PROJECT SUMMARY Harmful alcohol use remains a serious public health issue, resulting in 3 million global deaths per year and contributing to more than 200 disease and injury conditions. Within the United States, the prevalence of Alcohol-use Disorder (AUD) has increased significantly, from 8.5% to 12.7% over the last 10 years and whose complex etiology has limited the number of effective therapeutics currently available. An interesting phenomenon in alcohol drinking is the variability of consumption occurring within the human population: some individuals drink casually while others drink in an uncontrolled manner, escalating their consumption and eventually developing alcohol dependence. To understand the circuit-specific functions underlying this phenomenon of individual alcohol drinking variability, we utilized isogenic C57BL/6J mice, an inbred mouse strain typically used to study alcohol-drinking behaviors. This mouse model provides the unique opportunity to investigate the neurophysiological mechanisms underlying low and high alcohol drinking behaviors, independent of genetics. Furthermore, it is known that a hallmark of the progression of AUD is the dysfunction of dopamine (DA) neurons projecting from the ventral tegmental area to (VTA-NAc) the nucleus accumbens, an area critical to encoding the salience of both drug and naturalistic stimuli. Using in vivo fiber photometry calcium imaging and in vivo electrophysiological recordings, we are now able to determine the neural population response of the VTA-NAc DA circuit before and after the establishment of alcohol drinking phenotype, to illuminate the transition to healthy or unhealthy alcohol drinking profiles. Our preliminary data show that the magnitude of the primary reinforcing VTA-NAc DA response to rewarding and salient stimuli correlates with future establishment of alcohol preference (Aim 1). Further, alcohol-induced neuroadaptations differentially affect naturalistic behaviors in mice, including exploration and response to reward, and cause heightened or blunted responses to alcohol (Aim 2). By assessing the VTA-NAc DA neuronal profile of activity during naturalistic mammalian behaviors prior to and after alcohol exposure, this project will provide novel insight into physiological and real-time predictors of future, individual alcohol drinking and how alcohol actively and reciprocally attenuates or exacerbates VTA-NAc DA circuit function, leading to subsequent maladaptive behaviors.
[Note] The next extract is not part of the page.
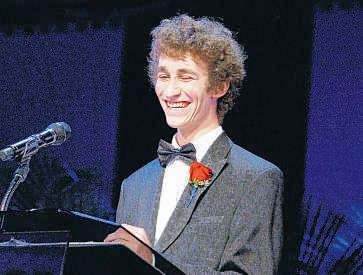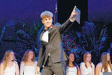 Valedictorian Daniel King laughs at one of the many little humorous barbs he delivered in his valedictory address.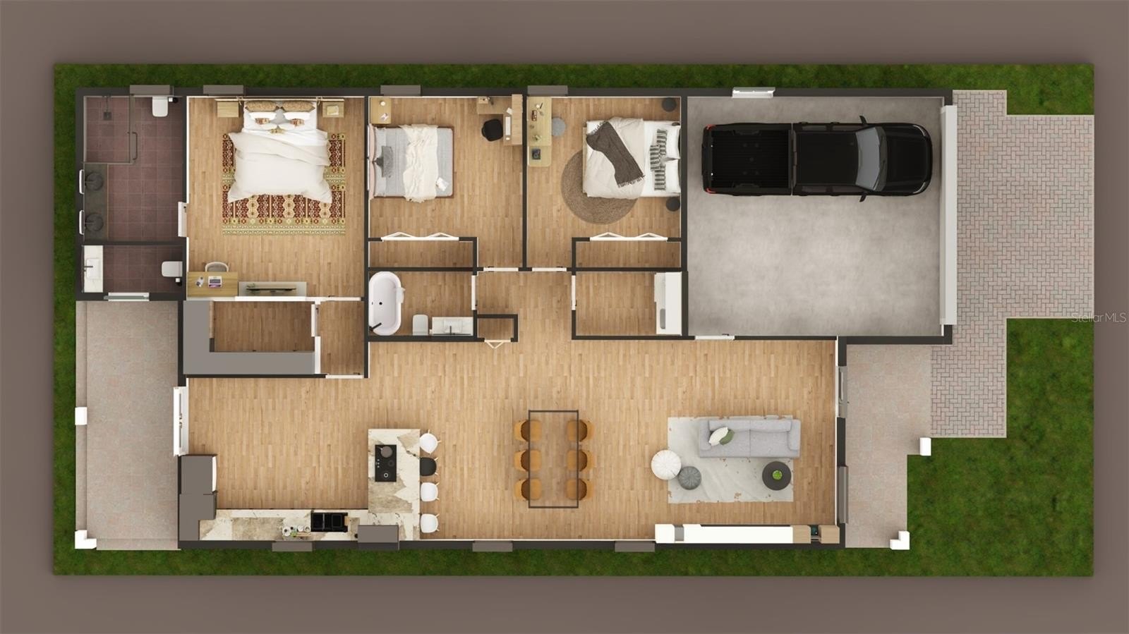 Under Construction. This stunning 3-bedroom, 2.5-bathroom home, featuring a spacious 2-car garage, is currently under construction and will be ready for move-in by January 31st. The design showcases soaring ceilings adorned with elegant tray detailing, creating an inviting atmosphere that enhances the expansive open floor plan. Large windows flood the living areas with natural light, beautifully accentuating the modern aesthetic throughout. The chef-inspired kitchen is a culinary delight, featuring sleek quartz countertops with a striking waterfall edge and a generous island that is perfect for entertaining guests. The owner's suite is a true retreat, complete with dual sinks, a frameless glass shower, and an impressive walk-in closet with ample storage. Situated on over half an acre, this property provides plenty of room for entertaining and outdoor activities, making it an ideal setting for gatherings. The unique location offers the freedom often sought in a home – with no restrictive HOA, you can truly make this space your own, enjoying the dual street access for added convenience. Privacy abounds as the lot is oversized, allowing you to enjoy your surroundings without feeling crowded. You’ll be just moments from downtown, the picturesque Tampa Bay Pass Canal, and a variety of malls and restaurants, and you'll have easy access to major highways. This remarkable home combines modern luxury with an unbeatable location—why settle for an older home when you can enjoy the advantages of new construction?

项目摘要 有害饮酒仍然是一个严重的公共卫生问题，每年导致全球300万人死亡， 导致200多种疾病和伤害。在美国境内， 酒精使用障碍（AUD）在过去10年中从8.5%大幅增加到12.7%， 复杂的病因限制了目前可用的有效治疗剂的数量。一个有趣 饮酒的一种现象是在人群中发生的消费变化：一些 有些人随意饮酒，而另一些人则不受控制地饮酒，从而增加了他们的饮酒量， 最终形成酒精依赖。为了理解在此基础上的特定于电路的功能， 个体饮酒变异现象，我们利用同基因C57 BL/6 J小鼠，一种近交系小鼠， 通常用于研究饮酒行为的菌株。这种小鼠模型提供了独特的机会， 研究低度和高度饮酒行为的神经生理机制， 与基因无关。此外，已知AUD进展的标志是功能障碍， 从腹侧被盖区投射到腹侧被盖核的多巴胺（DA）神经元， 这是一个对药物和自然刺激的显著性进行编码的关键区域。使用体内纤维光度法 钙成像和体内电生理记录，我们现在能够确定神经 饮酒建立前后VTA-NAc DA回路的群体反应 表型，以阐明健康或不健康的饮酒概况的转变。我们的初步数据 表明初级强化VTA-NAc DA反应对奖励和显著刺激的幅度 与未来酒精偏好的建立相关（目标1）。此外，酒精诱导的神经适应 差异影响小鼠的自然行为，包括探索和对奖励的反应，并导致 对酒精的反应增强或减弱（目标2）。通过评估VTA-NAc DA神经元的活动特征， 在酒精暴露前后的自然哺乳动物行为中，该项目将提供新的 深入了解未来的生理和实时预测，个人饮酒以及酒精如何积极地 并且VTA-NAc DA回路功能减弱或恶化，导致随后的适应不良 行为。